I’m gonna let the Laughing River,
flow right into my soul.
He’s able now to look with a colder eye, to hear the cheers and see the booze filled days and he’s now looking forward to a new life. When he sings about the Laughing River, it offers joy and he welcomes it, wants it to “flow right into my soul.” In the recorded performance and the live versions heard in concert, Brown sings this song with a conviction that conveys both the regrets of the fading hopes for glory offered as well as welcoming the small, but lasting joys of fishing in the Upper Peninsula and making a life with a nice lady.
While the song opens with a forlorn spirit, by the end a transformation has occurred. Brown feels the loss of what the narrator leaves behind, but finds meaning in the new life. As he repeats the opening voice, we hear it differently now. He wants that TravelAll to start and welcomes the new clothes he’ll don in a new life. The old life is neither forgotten nor cheapened; it does hurt to leave behind those hopes. The new life is not overplayed and nor are the smaller hopes and pleasures trivialized “Laughing River” leaves us with a man and his hard-earned wisdom.
Thank you for your synopsis of the song. I enjoyed your insights.

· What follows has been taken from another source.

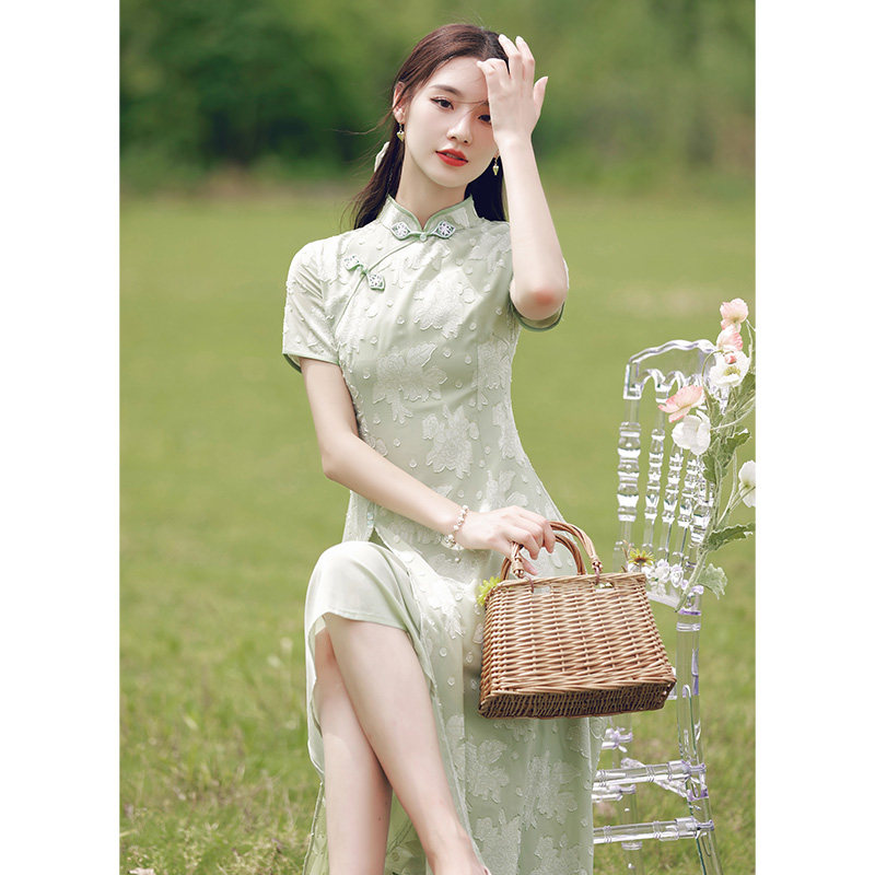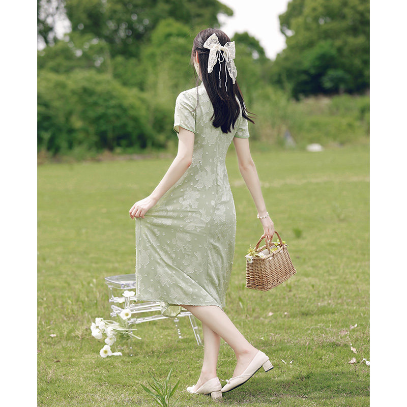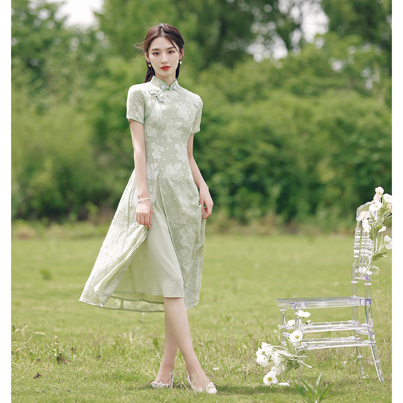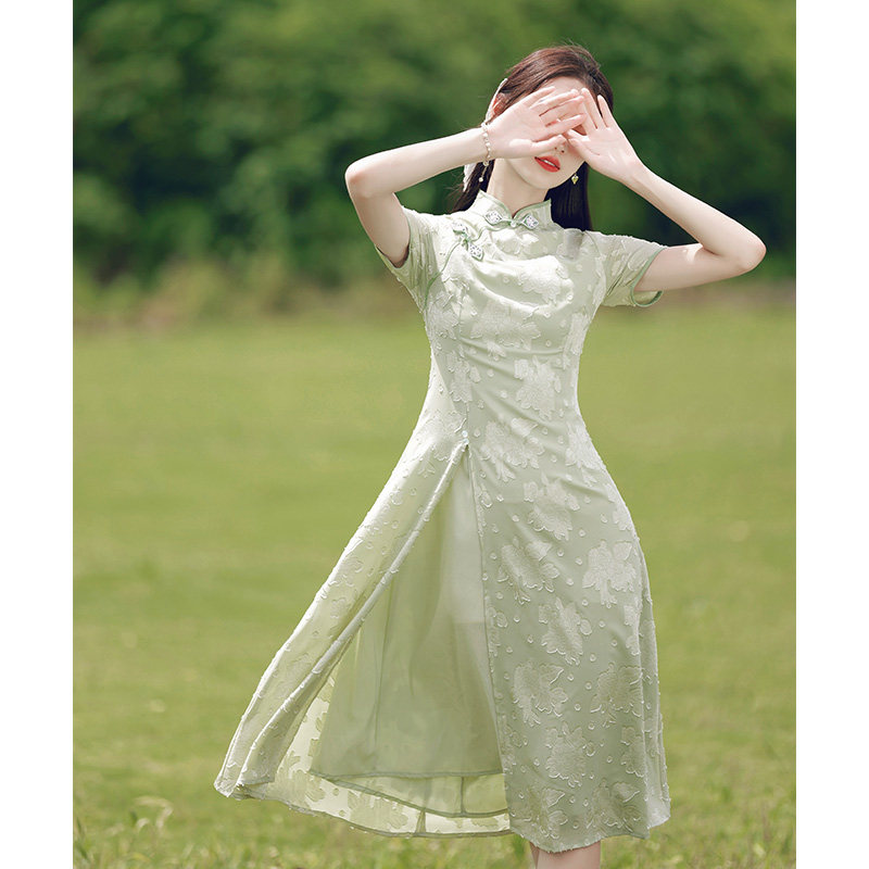 Audre Young Model 2022 New Summer Girl Green Chinese Fengpear shape improved dress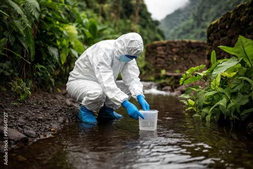 © Amara, Naklejka premium Environmental Conservation Researcher Collecting Water Samples in Lush Forest Stream - Scientific Exploration Concept

Now and then I am taken by a song without really knowing why–it just speaks to me somehow in ways I can’t fully articulate. This was one of those songs. I guess it’s like the Laughing River–it bypasses the intellect and flows into my soul.
Scott Schnell - October 19, 2010 at 4:39 pm |
Glad you liked the notes on this song, been a favorite Greg Brown cut for a long time.
M. X. Cronin - October 21, 2010 at 8:41 am |
Every line you mentioned that supposedly relates to baseball, could also be related to the trials and tribulations of a failing musician… I never took the analogies literal, like you have done. Interesting take on this song.